On 30th November, Cardiff People’s Assembly is hosting an event with Selma James, “Women Race and Class: Uniting Our Struggles”.
Selma James, celebrated author and the founder of the international Wages for Housework campaign in the 1970s, will address the issue of power relations within the society during her talk. Cardiff People’s Assembly are hosting this talk to explore how the three forms of oppression, power, sex and class overlap. The event will also look at how the three can be united to create a better society for all.
Cardiff People’s Assembly has organised talks on many such issues in the past and is a network of people who oppose austerity and cuts. It is an organisation that holds open meetings to decide the next course of action.
Adam Johannes is an organiser with Cardiff People’s Assembly. He said, “Women in general in 21st century Britain still have a lower income than men on average with the gender pay gap widening for women. The gender pay gap is part of the same power imbalance that has caused a series of sexual harassment scandals in politics, the media and entertainment industries.”
The event is free and open to all. It will take place at Trinity Centre, Piercefield Place. The talk will be followed by a general discussion and there will be enough time for questions to generate a debate. This will be followed by a screening of “The Women of Rhondda” made in the early 70s. The short film is about Welsh Women involved in the general strike of 1926.

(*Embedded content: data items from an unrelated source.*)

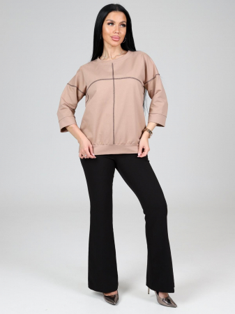 Удобный и стильный женский свитшот, сшит из мягкого трикотажного полотна высокого качества - футер двунитка. Свитшот не стесняет движений, отлично сочетается с брюками и джинсами. Максимально удобен при носке и выгодно сидит на фигуре.
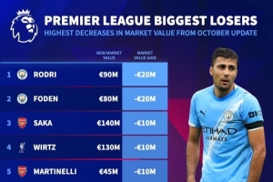 英超身价跌幅榜:
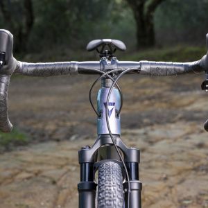 Composite frameset is designed specifically for front suspension. With 40mm of travel, the fork absorbs bumps and impacts so you can ride smoother and faster over rugged gravel and dirt.
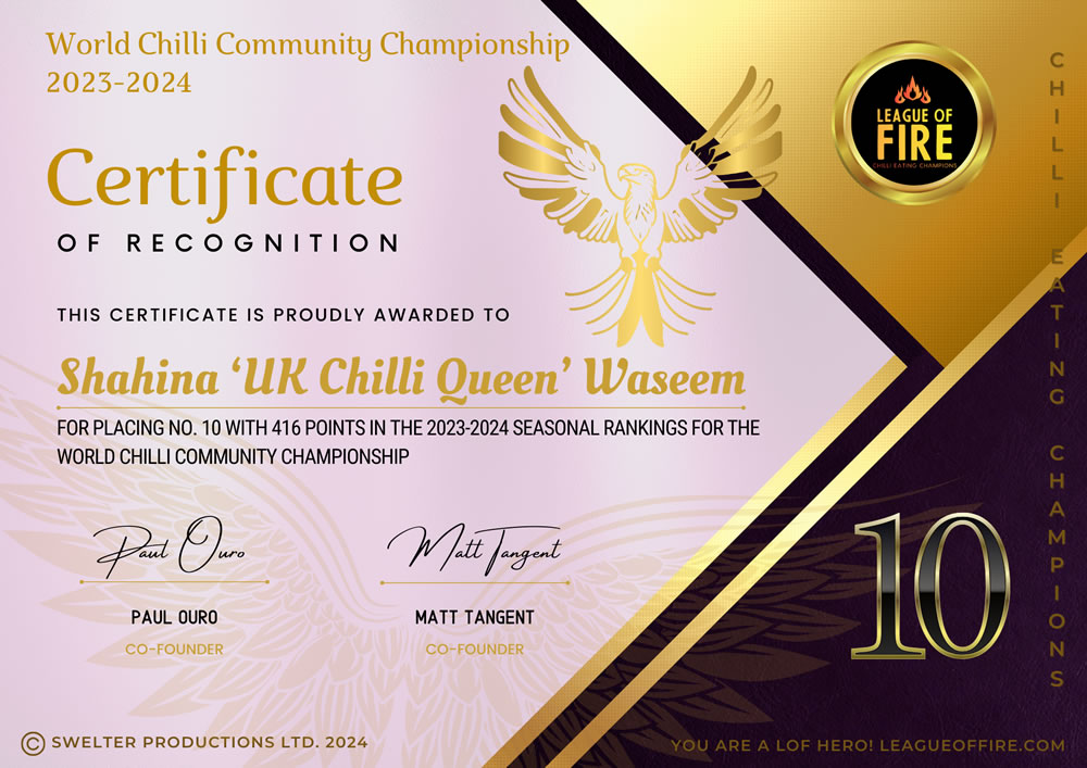 Welcome to our exclusive gallery of the top 10 certificates from our thrilling 2023-2024 World Chilli Community Championship (WCCC) season!
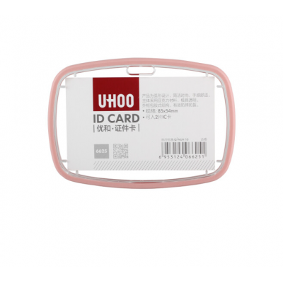 优和(UHOO) 6625 纯雅系列亚克力透明硅胶工作证胸卡学生工牌门禁公交证件卡套 横式粉红色 6个/盒装

Selma James, having been a women’s rights and anti-racist campaigner for years, writes in her book, Sex, Race & Class: The Perspective of Winning, “Defining the enemy as patriarchy – the power relations between men and women – while ignoring the multitude of other power relations – such as those based on class, race and nationality – impels many feminists into narrow, unfeeling and racist corners. It is an arrogant and one-dimensional view of humanity and of the crisis of survival we share.”